Minnesota Twins
- Shortstop
- Born: July 15, 2003 (age 23) Lake Charles, Louisiana, U.S.
- Bats: RightThrows: Right

= Kyle DeBarge =

American baseball player (born 2003)

Lance Kyle DeBarge (born July 15, 2003) is an American professional baseball shortstop in the Minnesota Twins organization.

==Amateur career==
DeBarge grew up in Kinder, Louisiana and attended Alfred M. Barbe High School.

DeBarge batted .293 with three home runs, 30 RBI, and 16 stolen bases during his freshman season with the Louisiana Ragin' Cajuns He batted .371 with seven home runs and 38 RBI during his sophomore season. DeBarge was named the Sun Belt Player or the Year after batting .355 with 21 home runs and 72 RBI as a junior.
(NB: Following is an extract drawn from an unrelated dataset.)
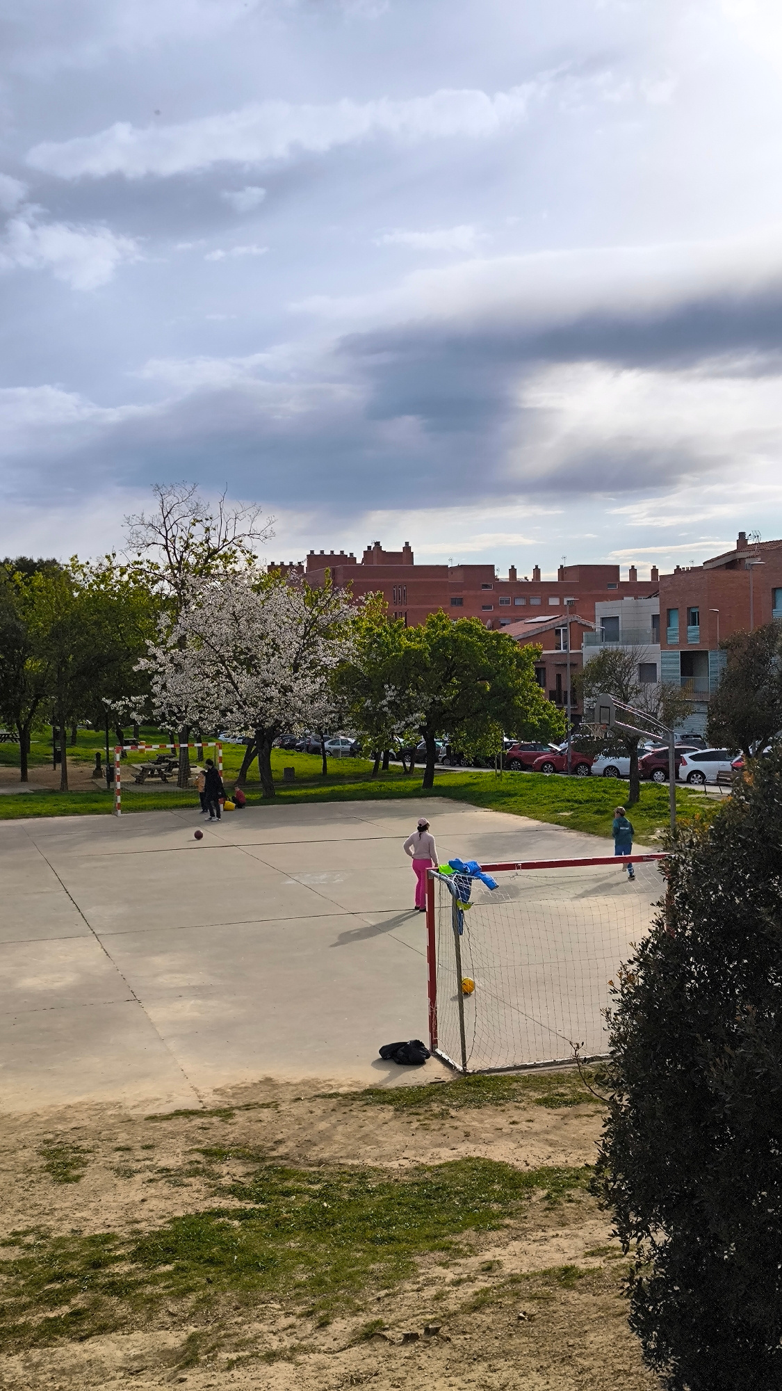 The photo shows a park in Ripollet, Spain. The park has a concrete play area with a soccer goal set up in the foreground. Several people are present, some playing with a ball and others standing. In t…read more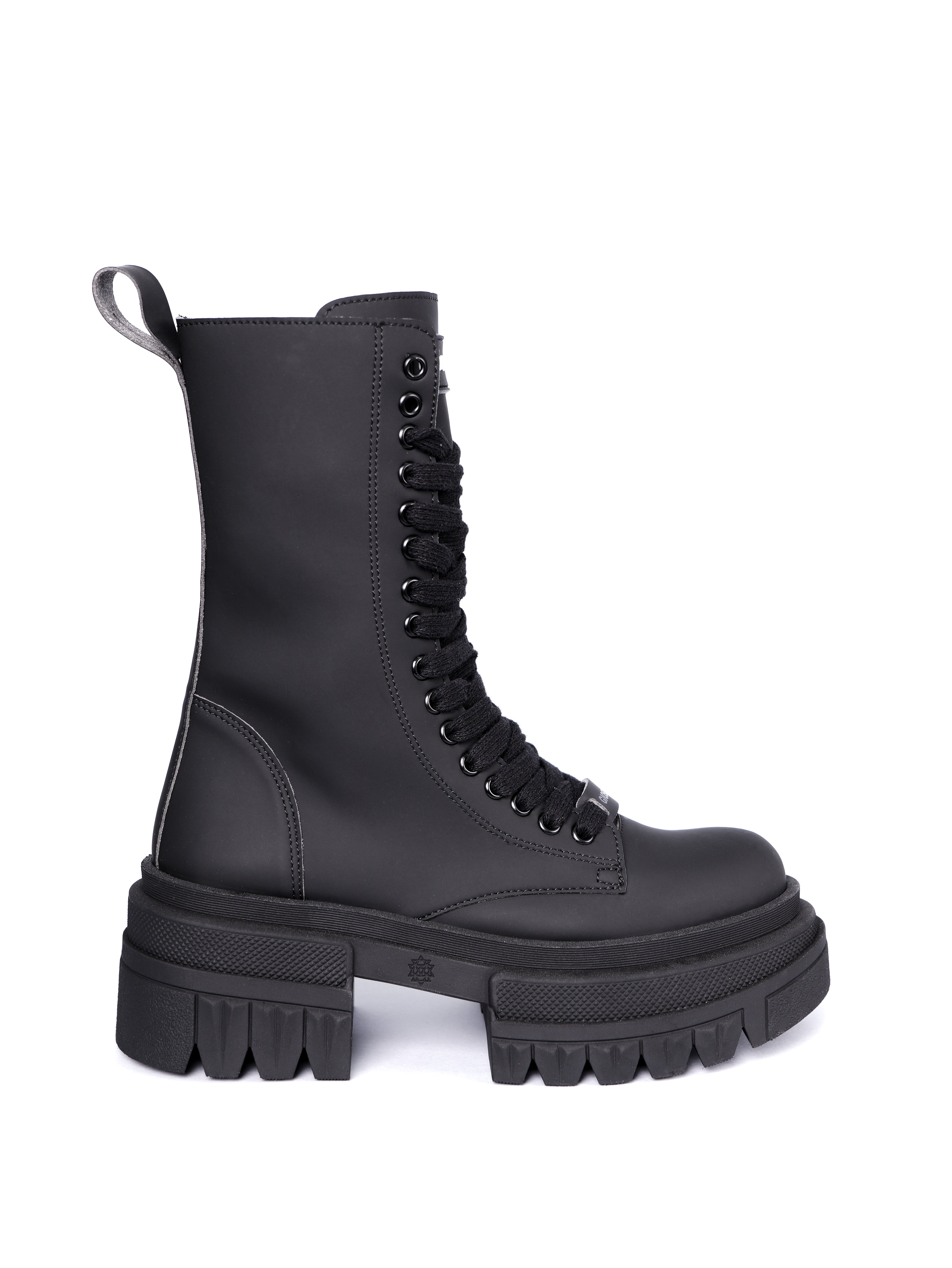 Das Schnürmodell dieses Kampfstiefels bietet vielfältige Passformmöglichkeiten, während die Zungen ein einfaches Anziehen des Schuhs bei maximalem Komfort ermöglichen. Die runde Spitze sorgt für einen Hauch von Eleganz, während die klobige Sohle außergewöhnlichen Halt bietet.

In 2023, he played collegiate summer baseball with the Falmouth Commodores of the Cape Cod Baseball League.

==Professional career==
DeBarge was drafted by the Minnesota Twins in the first round, with the 33rd overall selection, of the 2024 Major League Baseball draft. On July 24, 2024, DeBarge signed with the Twins on a $2.4 million contract.

DeBarge made his professional debut with the Single-A Fort Myers Miracle and hit .235 with one home run across 26 games. In 2025, he played with the High-A Cedar Rapids Kernels with whom he batted .237 with eight home runs, 65 RBI, and 66 stolen bases over 121 games. DeBarge was assigned to the Double-A Wichita Wind Surge to open the 2026 season.